EN EL JARDÍN DEL BOBOLI
Los domingos por la mañana Florencia presenta el aire de una ciudad de provincia. También nuestra Ginebra es provinciana. Las dos tienen algo de ciudades pequeñas y de ciudades cosmopolitas; pero Ginebra vive dentro de la civilización y el cosmopolitismo como en cosa propia, y en cambio Florencia, en el ambiente de hoy se deshace; es el palacio principesco convertido en hotel.

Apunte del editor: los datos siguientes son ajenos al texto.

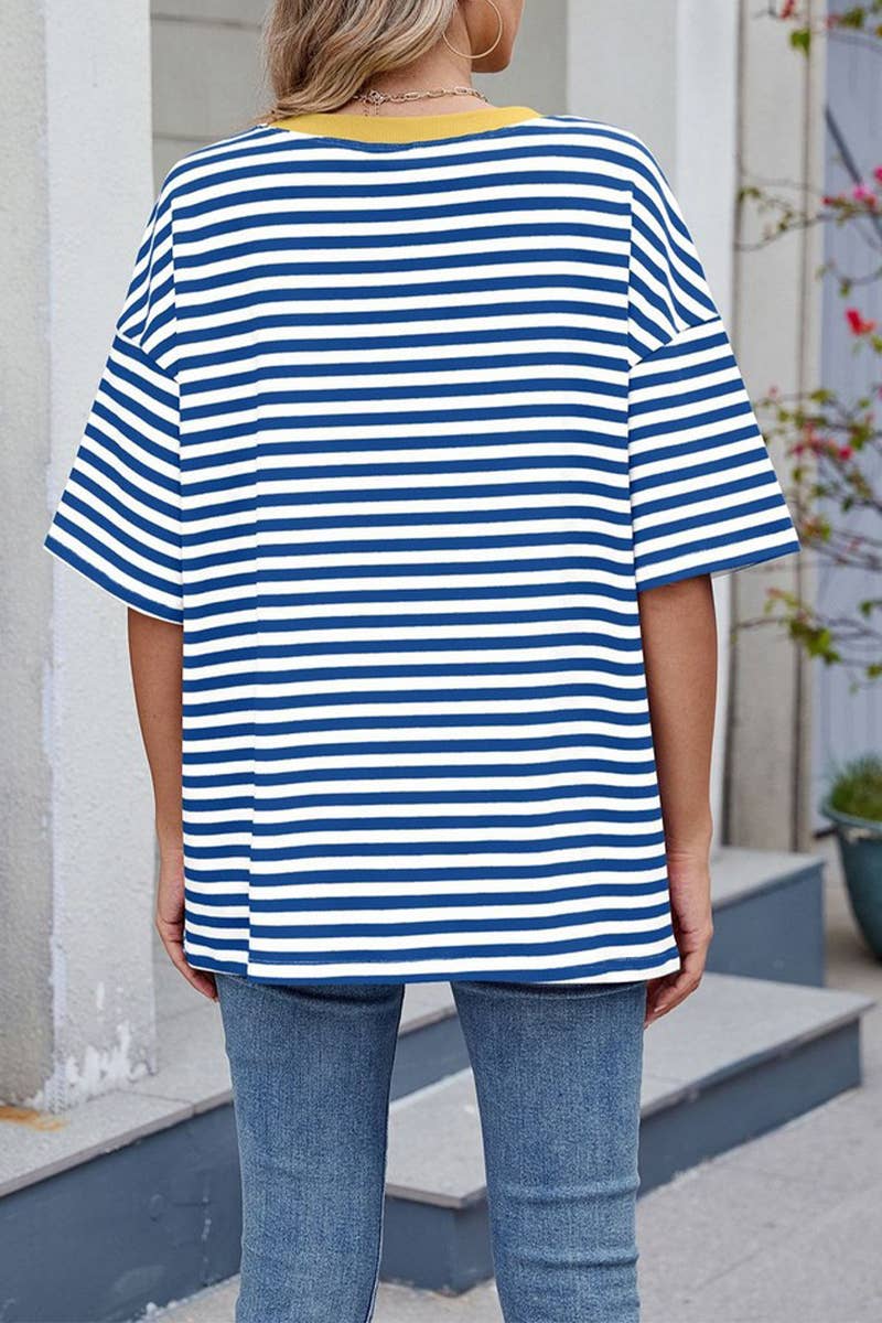 SPRING AND SUMMER STRIPED CONTRAST LOOSE T-SHIRT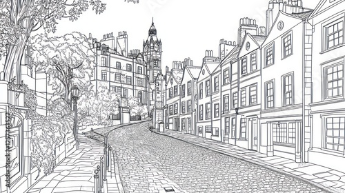 street, cobbled, building, historic, uphill, curve, leafy, background, colouring, page, city, town, architecture, old, vintage, road, lane, alley, pathway, travel, tour tourism, europa, england, scotland, edinburgh, urban, landscape, illustration, drawing, vignetting, design, art, graphic, vector, image, photo, print, book, postcard, wallpaper, pattern

Aquí las mañanas domingueras la gente sale a la calle vestida de día de fiesta; entra y sale a oír misa; los señoritos se reúnen en los atrios de las iglesias para ver pasar a las muchachas; las familias se detienen en las pastelerías y los señores van después a su casa llevando en la mano un paquetito blanco con dulces.
Por las tardes la ciudad ofrece un aspecto melancólico; las tiendas están cerradas, los cafés del centro llenos; pasan los coches llevando gente a la Casacine y los tranvías salen para los alrededores.
En las calles algo extraviadas la soledad es completa; no se ve a nadie y los viejos caserones de piedra, de construcción casi ciclópea, toman en este ambiente de tristeza un carácter verdaderamente serio y terrible. En algunos palacios, entre los sillares sin labrar, hay filas de argollas y anillos de hierro que en otra época debían servir para sujetar los hachones e iluminar la calle.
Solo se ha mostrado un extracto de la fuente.